UPGRADE: Consider `upgrade-insecure-requests` in an insecure response as redirecting.

[mikewest]

If a user navigates to http://example.com/ (insecure), and receives Content-Security-Policy: upgrade-insecure-requests as a response header, her client should behave as though it received a redirect response to https://example.com/.

This would remove the necessity for sending a positive Prefer: return=secure-representation signal on insecure navigations, as the server can simply opt-in on insecure responses.

Without thinking about it too hard, this seems clever. :)

[yoavweiss]

One issue that I see here is that you're punishing upgrade-capable UAs the first time they access the site over HTTP, by forcing them to download the full response (or a large chunk of it, assuming they RST it), and then re-download it over HTTPS. At the end of this redirect the server can serve HSTS headers, making this problem go away for this particular user. Alternatively, we can also pin the Upgrade-capable server, and skip the redirect dance in followup sessions.

The secondary issue is that legacy UAs over HTTPS cannot be redirected away back to the unsafe, but intact, HTTP version. A JS API that exposes if the UA is Upgrade-capable can resolve that issue using a client-side redirect.

So, all in all, both are a very reasonable price to pay for not spamming the Web forever and ever.:+1:

[mikewest]

Copy/pasting from the thread with @igrigorik:

---

If we have that in place, perhaps we could reverse the signaling by adding an upgraded: 1 header for requests that were rewritten on the client-side from HTTP to HTTPS. That is:

1. User requests http://example.com/
2. Server response includes the upgrade directive.
3. User agent interprets that directive as a redirect to https://example.com/
4. User agent requests https://example.com/, and includes an upgraded: 1 request header.
5. Server sees that header, says "Hooray!", and locks the user into HTTPS via HSTS.

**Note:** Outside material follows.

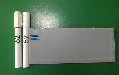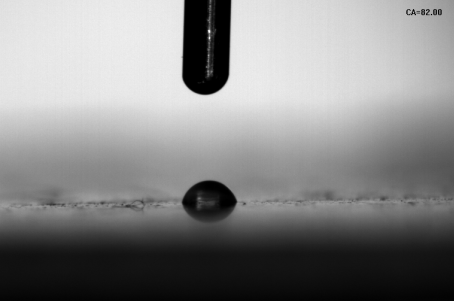通過達因筆進行測試,可以看出此時62達因的達因液有些許收縮,材料表麵達因值能夠達到52達因。通過水滴角測量儀進行測試,得出該參數處理後的水滴角為48°。

This clearly addresses the "modern client" use case, and could be abused to address the "legacy vs modern" use case for those sites that really care if we're willing to suffer another redirect:

1. User requests https://example.com/ (without an upgraded: 1 header).
2. Server redirects to http://example.com/.
3. If the user's client supports upgrades, goto Added frame-ancestors directive. #1 above.
4. Otherwise, stay on sad, old HTTP.

I expect Ilya's head to explode while reading this ("Two redirects?! Are you MAD!?"). It solves the problem, but isn't pretty, and isn't something I'd hope that most sites care about. :)

[pde]

Question: would the client remember the "upgraded" state? For how long and for what scope?

[mikewest]

I could imagine clients experimenting with something like that, but I don't think it's behavior we should mandate (as it starts sliding into HSTS, and I think it would be a mistake to tightly couple upgrading and HSTS-like behaviors).

[pde]

My expectation is that we will automatically deploy the "legacy vs modern" algorithm as the out-of-the-box default behaviour for the webservers that run the Let's Encrypt agent, since there won't be an easy way for us to tell if those sites suffer from mixed content or not, and we'll want to minimise breakage on old clients.

I don't have a completely clear picture yet of what you are proposing for that case. Let's keep things simple and assume it's a site that isn't ready for the strictures of HSTS, yet. Is the following accurate?

1. When the server sees a typical incoming navigational HTTPS request, there is no upgraded: 1 header sent by the client, so
2. The server sends a 307 redirect to HTTP, but with an upgrade: 1 directive.
3. The client sees the upgrade: 1 header, ignores the 307, and re-requests the page with the upgraded: 1 header.
4. This time, the server is happy and issues a 200 response with content.

Have I understood that correctly?

[mikewest]

Closing. We're not doing this, but sending an HTTPS header instead.